James F. Hollifield
Profesor y director, Tower Center, Southern Methodist University (SMU)
Estados Unidos tiene un largo historial de exclusión de los extranjeros sobre la base de la raza y la religión, y los estadounidenses siempre han sido ambivalentes acerca de la inmigración, pese a que EEUU es “una nación de inmigrantes” y su lema nacionales e pluribus unum.
Cuando se fundó la República, George Washington describió la nueva nación como un lugar de refugio en el que los recién llegados podían dejar atrás el “viejo mundo”, empezar de nuevo, e incorporarse a la aventura de la libertad. El estallido chovinista actual recuerda la agitación anticatólica de los know nothings de la década de 1850 —dirigida contra ale-manes e irlandeses—, o el “peligro amarillo” de las décadas de 1870 y 1880, que tuvo como resultado la aprobación de la primera política inmigratoria federal, la Ley de Exclusión de los Chinos de 1882. Luego, en el período posterior a la Revolución Rusa, vino la “amenaza roja”, que intensificó los sentimientos antisemitas y contrarios a los europeos del Este, y que impulsó la Ley de Cuotas según el Origen Nacional, de 1924.
En vista de la larga historia del nativismo en EEUU, la política anti-inmigración de Donald Trump no resulta sorprendente; es un “regreso al futuro”. Durante la campaña, Trump exigió “una total y absoluta paralización de la entrada de musulmanes en Estados Unidos hasta que los representantes de nuestro país puedan averiguar qué diablos está pasando”. Dijo también que “los mexicanos son violadores, asesinos y traficantes de drogas”, que EEUU tenía que construir un muro para impedirles la entrada, y que ya no se admitirían más inmigrantes de “esos países de mierda de África”.

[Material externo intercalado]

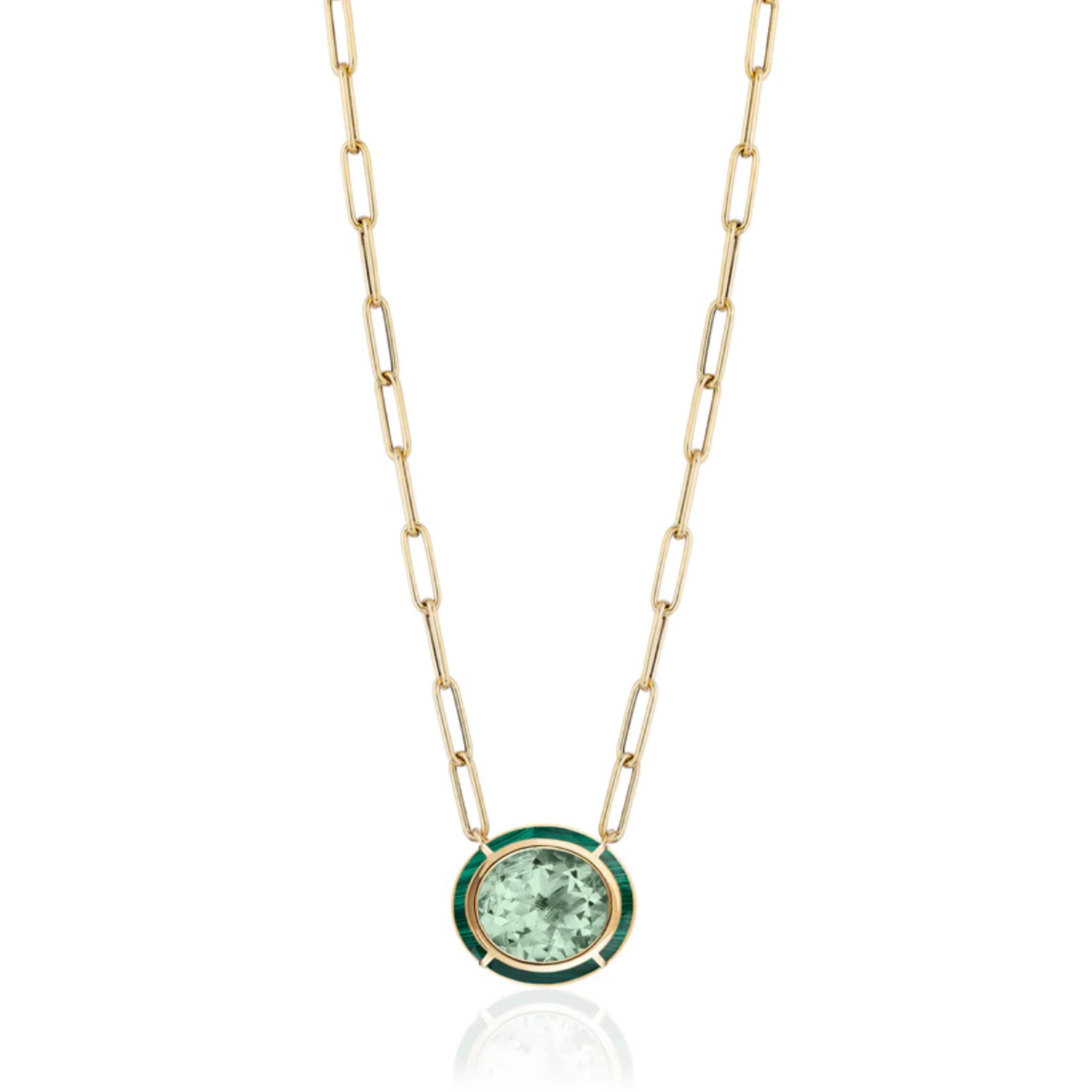 A Goshwara 'Melange' Collection pendant necklace featuring an oval prasiolite framed by inlaid malachite on a paperclip chain in 18K yellow gold.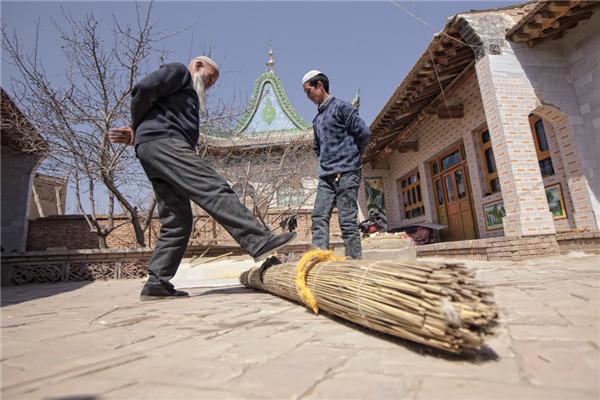 用木棍或者草席卷起来来回擀动,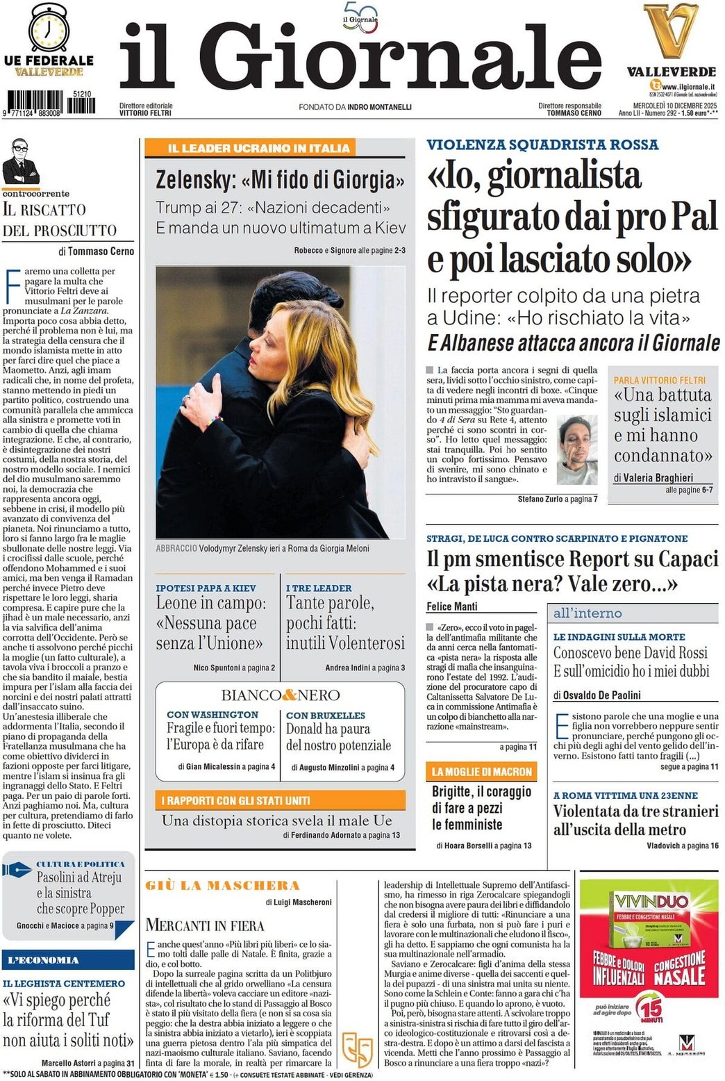 - Zelensky: "Mi fido di Giorgia" - Trump ai 27: "Nazioni decadenti" – Roberto e Signore alle pagine 2-3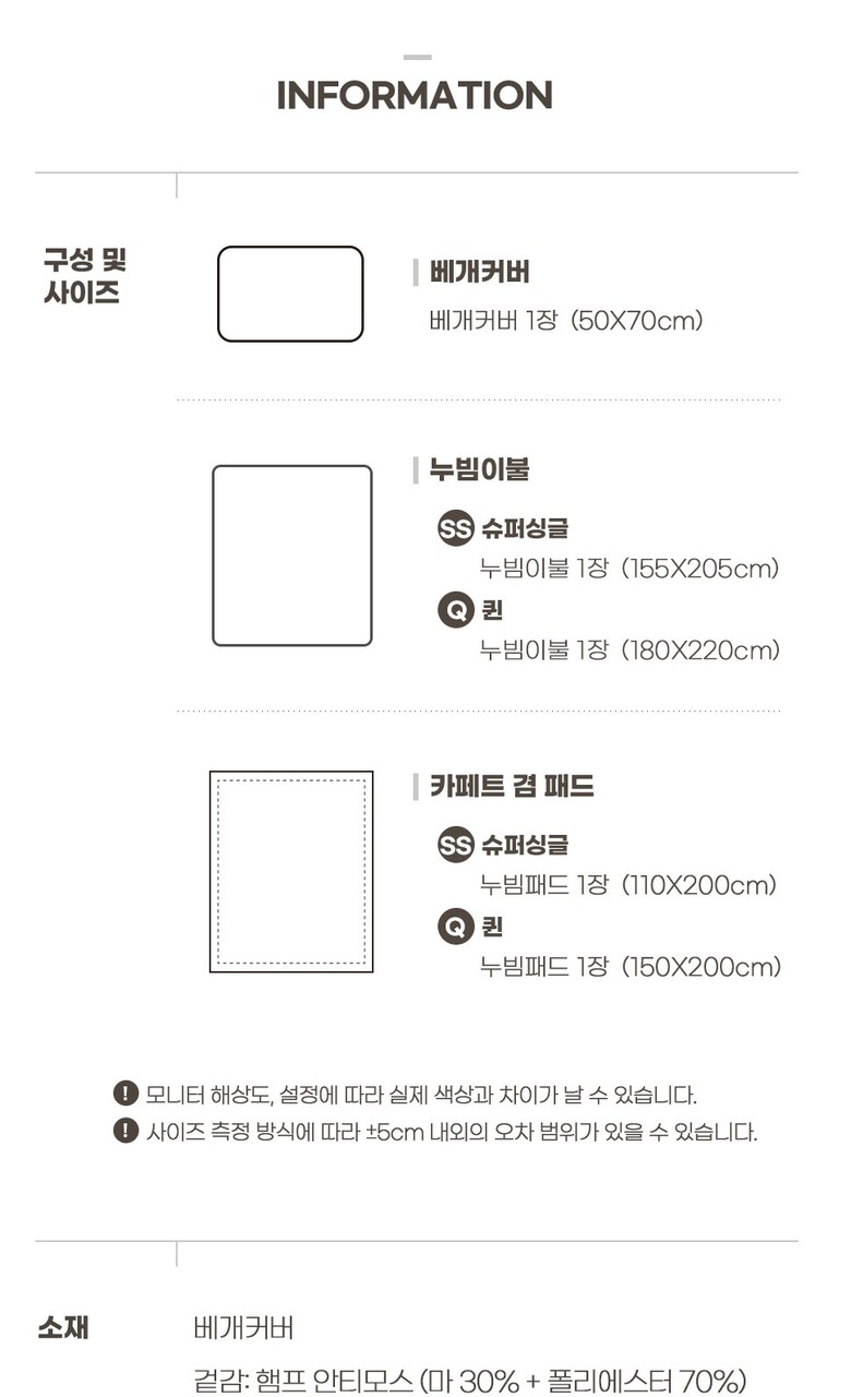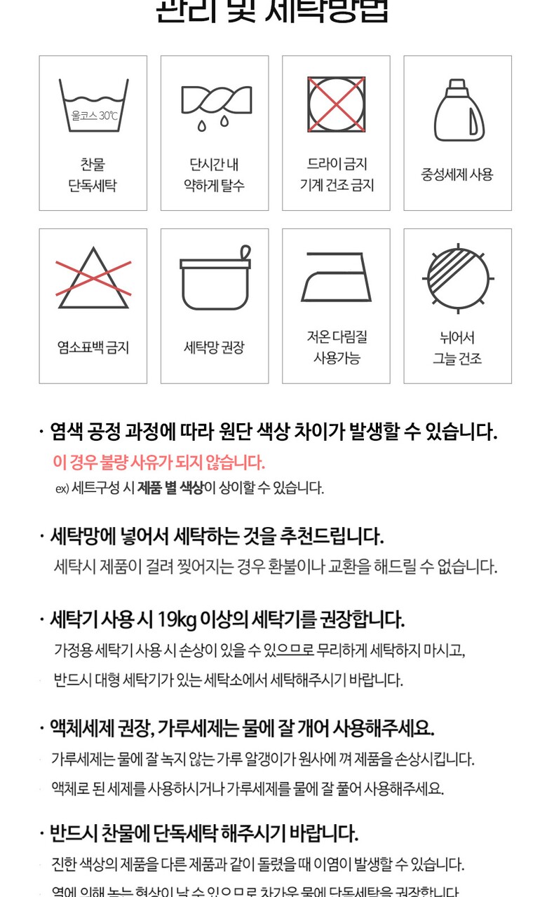 7. 세탁방법 및 취급시 주의사항 | (상품기본정보) 원산지 |

Durante los dos primeros años de su administración, Trump ha tratado de cumplir sus promesas de campaña. Promulgó decretos presidenciales prohibiendo la entrada de inmigrantes procedentes de países de mayoría musulmana y, recientemente se ha centrado en la seguridad de las fronteras, reasignando fondos del presupuesto de Defensa para extender el muro en la frontera sur. Ha reducido de forma drástica las admisiones de refugiados, limitando las solicitudes de asilo y separando a las familias de migrantes en la frontera.
La política de inmigración es un juego cuatridimensional — en torno la seguridad, las preocupaciones culturales e ideológicas, los intereses económicos y los derechos— que se juega en tres niveles: nacional, internacional y local. En “tiempos normales”, como la década de 1980 y comienzos de los años noventa, cuando se aprobaron las últimas leyes importantes sobre inmigración, el debate orbitaba en torno a los mercados: “¿Cuántos migrantes hemos de admitir y con qué cualificación?”; y a los derechos: “¿Qué estatus deben tener los inmigrantes? ¿Hemos de permitir que se nacionalicen?”. Estas preguntas de fuerte carga política son difíciles de abordar, pero se vuelven más complejas cuando el país se ve físicamente amenazado, como sucedió con los ataques del 11S. Si la amenaza se percibe como cultural el debate puede verse desbordado por la política simbólica, que describe a todos los inmigrantes de una religión (musulmana), una nacionalidad (mexicana) o una región (África) como una amenaza existencial. Desviar el de-bate sobre la inmigración desde los intereses (económicos y de seguridad) y desde la ley (procedimientos y políticas) a los valores y la cultura acentúa la ideología e intensifica la naturaleza simbólica de la política.
Las exigencias de la política exterior y de seguridad no pueden satisfacerse con apelaciones al nacionalismo y al choque de civilizaciones
La política inmigratoria y sobre los refugiados de Trump está formulada en términos “civilizatorios”: contrapone a los cristianos y judíos con los musulmanes, y a los mexicanos/ hispanos con blancos y negros. Con ello, Trump ha generado una tormenta perfecta de oposición doméstica a sus políticas internacionales, nacional, estatal y local. A nivel nacional, el cambio político ha contribuido a un entorno de intolerancia e intimidación, con un aumento de los delitos de odio, dando alas al terrorismo doméstico. En el plano internacional, ha alejado a muchos antiguos aliados.
Las complejas exigencias de la política exterior y de seguridad no pueden satisfacerse con apelaciones al nacionalismo y al choque de civilizaciones. Si bien el America first y la política simbólica que convierte a inmigrantes y refugiados en chivos expiatorios refuerzan la base electoral de Trump, prohibir la entrada de refugiados no hará más seguro al país. Los intereses de seguridad y la política exterior a largo plazo, como la necesidad de tener aliados en el mundo musulmán, o la búsqueda de soluciones prácticas a la crisis de los refugiados en África, Oriente Medio, Europa, América Central y el vecino México, tienen que prevalecer sobre las ventajas electorales a corto plazo que producen el nativismo y la política simbólica.